WHAT TO WORK ON: Please reproduce each line of the data below as it stands.
━━━ DATA LISTING ━━━
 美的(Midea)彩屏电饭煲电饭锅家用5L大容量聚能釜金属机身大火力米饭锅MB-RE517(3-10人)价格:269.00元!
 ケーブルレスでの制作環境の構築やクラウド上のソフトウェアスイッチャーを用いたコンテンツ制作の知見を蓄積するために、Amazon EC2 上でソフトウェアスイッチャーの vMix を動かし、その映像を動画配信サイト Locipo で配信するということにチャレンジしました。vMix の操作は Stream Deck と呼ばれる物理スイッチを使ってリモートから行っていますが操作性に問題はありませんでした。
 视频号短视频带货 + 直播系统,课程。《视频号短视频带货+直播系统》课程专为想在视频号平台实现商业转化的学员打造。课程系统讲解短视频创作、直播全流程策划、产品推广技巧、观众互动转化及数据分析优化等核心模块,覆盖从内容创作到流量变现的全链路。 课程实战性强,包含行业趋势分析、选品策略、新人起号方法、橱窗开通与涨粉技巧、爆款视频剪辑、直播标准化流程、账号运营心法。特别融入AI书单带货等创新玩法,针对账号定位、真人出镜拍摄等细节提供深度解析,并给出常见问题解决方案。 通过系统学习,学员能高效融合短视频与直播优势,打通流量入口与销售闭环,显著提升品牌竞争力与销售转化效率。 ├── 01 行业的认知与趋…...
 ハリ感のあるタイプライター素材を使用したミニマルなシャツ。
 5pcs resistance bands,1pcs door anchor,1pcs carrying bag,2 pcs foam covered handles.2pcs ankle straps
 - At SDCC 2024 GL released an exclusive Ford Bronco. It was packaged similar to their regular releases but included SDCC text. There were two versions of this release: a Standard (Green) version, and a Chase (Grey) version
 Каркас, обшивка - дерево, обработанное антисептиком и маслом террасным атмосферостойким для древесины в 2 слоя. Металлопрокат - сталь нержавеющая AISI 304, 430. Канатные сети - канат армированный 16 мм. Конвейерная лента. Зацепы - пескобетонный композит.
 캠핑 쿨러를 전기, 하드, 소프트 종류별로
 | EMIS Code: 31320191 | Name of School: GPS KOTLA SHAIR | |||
━━━
TASK RESPONSE:
 美的(Midea)彩屏电饭煲电饭锅家用5L大容量聚能釜金属机身大火力米饭锅MB-RE517(3-10人)价格:269.00元!
 ケーブルレスでの制作環境の構築やクラウド上のソフトウェアスイッチャーを用いたコンテンツ制作の知見を蓄積するために、Amazon EC2 上でソフトウェアスイッチャーの vMix を動かし、その映像を動画配信サイト Locipo で配信するということにチャレンジしました。vMix の操作は Stream Deck と呼ばれる物理スイッチを使ってリモートから行っていますが操作性に問題はありませんでした。
 视频号短视频带货 + 直播系统,课程。《视频号短视频带货+直播系统》课程专为想在视频号平台实现商业转化的学员打造。课程系统讲解短视频创作、直播全流程策划、产品推广技巧、观众互动转化及数据分析优化等核心模块,覆盖从内容创作到流量变现的全链路。 课程实战性强,包含行业趋势分析、选品策略、新人起号方法、橱窗开通与涨粉技巧、爆款视频剪辑、直播标准化流程、账号运营心法。特别融入AI书单带货等创新玩法,针对账号定位、真人出镜拍摄等细节提供深度解析,并给出常见问题解决方案。 通过系统学习,学员能高效融合短视频与直播优势,打通流量入口与销售闭环,显著提升品牌竞争力与销售转化效率。 ├── 01 行业的认知与趋…...
 ハリ感のあるタイプライター素材を使用したミニマルなシャツ。
 5pcs resistance bands,1pcs door anchor,1pcs carrying bag,2 pcs foam covered handles.2pcs ankle straps
 - At SDCC 2024 GL released an exclusive Ford Bronco. It was packaged similar to their regular releases but included SDCC text. There were two versions of this release: a Standard (Green) version, and a Chase (Grey) version
 Каркас, обшивка - дерево, обработанное антисептиком и маслом террасным атмосферостойким для древесины в 2 слоя. Металлопрокат - сталь нержавеющая AISI 304, 430. Канатные сети - канат армированный 16 мм. Конвейерная лента. Зацепы - пескобетонный композит.
 캠핑 쿨러를 전기, 하드, 소프트 종류별로
 | EMIS Code: 31320191 | Name of School: GPS KOTLA SHAIR | |||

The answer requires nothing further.